В это время к ним подошел радостный Василий и напомнил Орлову, что надо поспешить, пока «пожарная» команда не вернулась.
Глаша и няня быстро одели-укутали ребенка и отдали его в руки Василия. Орлов уже вышел к лошадям. Он подъехал с двухместной кибиткой прямо к крыльцу. Вышел Шкурин и передал ребенка Орлову. Тот достал из кибитки бобровую шубу и, запеленав ею сына, положил его в кибитку на подушки.
– Ну, с богом!

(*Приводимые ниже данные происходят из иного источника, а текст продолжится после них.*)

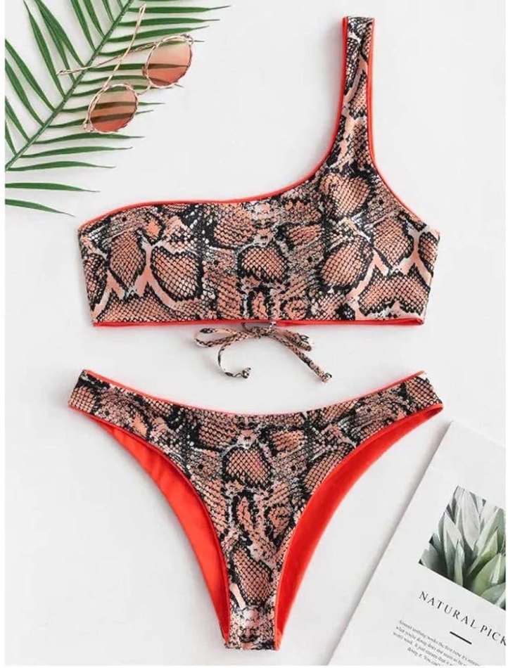 Yılan Derisi Tek Omuz Tanga Brazilian Bikini Takımı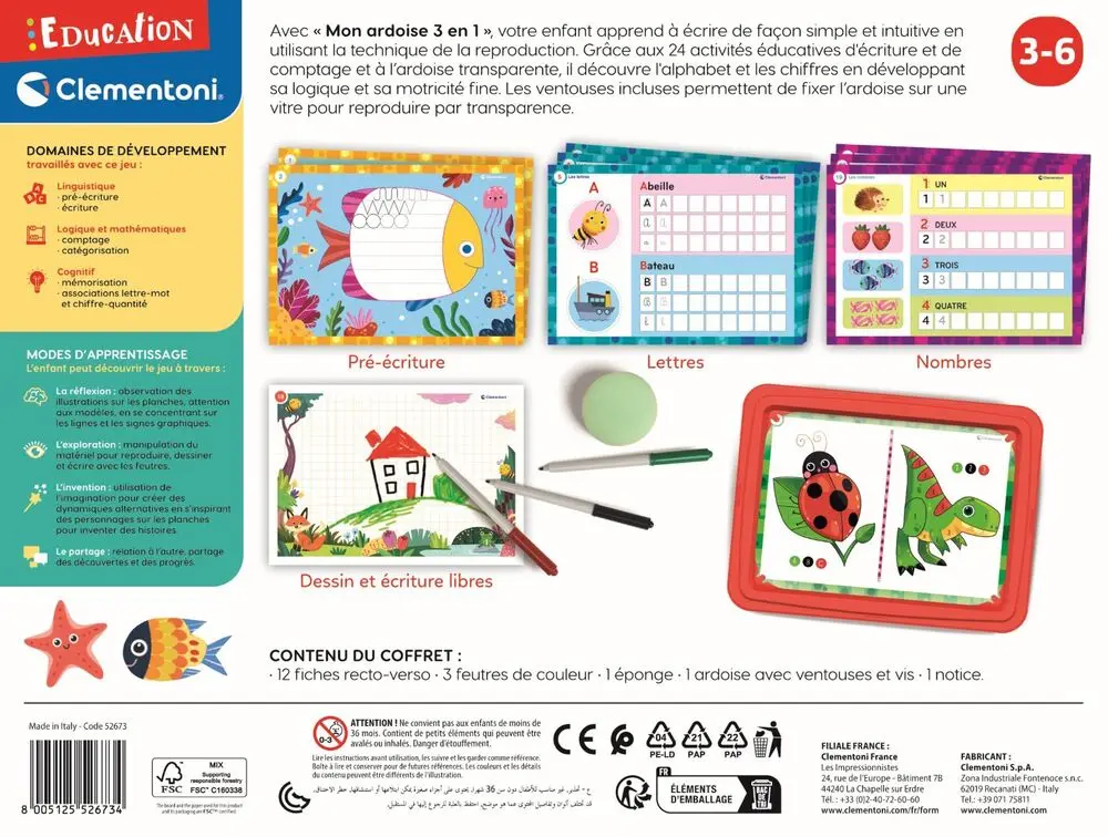 Un jeu parfait pour apprendre l’alphabet et de nouveaux mots, en développant le langage, les capacités manuelles et l’attention. Grâce à l’ardoise spéciale dotée d’un plateau transparent, d’un feutre et de nombreuses fiches contenant des activités de pré-graphisme et de pré-écriture, apprendre à écrire est simple et amusant. Une aide précieuse pour faire découvrir aux plus petits le monde de l’écriture.

Пока он нам помогает, я поеду, – сказал Орлов и поехал.
Шкурин молча перекрестил их, постоял немного и пошел в комнаты. И только сейчас он почувствовал, как устал. Василий улыбнулся, вспомнив, как они спасли себя и ребенка благодаря стечению обстоятельств, в которых сами они были не лишними.
А Екатерину эти роды вымотали, и она заснула так крепко, что не слышала крика и топота императора Петра III и его любовницы Елизаветы с весело кричащей толпой фрейлин и слуг, вернувшихся с пожара.
Все. Трудный день кончился.
Вот так 11 апреля 1762 года у высокородных родителей Екатерины Алексеевны и Орлова Григория Григорьевича родился внебрачный сын Алексей Григорьевич.
Пока без фамилии. Его сразу же после рождения отдали на воспитание в семью Шкурина.
Старшему сыну Екатерины Павлу Петровичу было в то время 8 лет.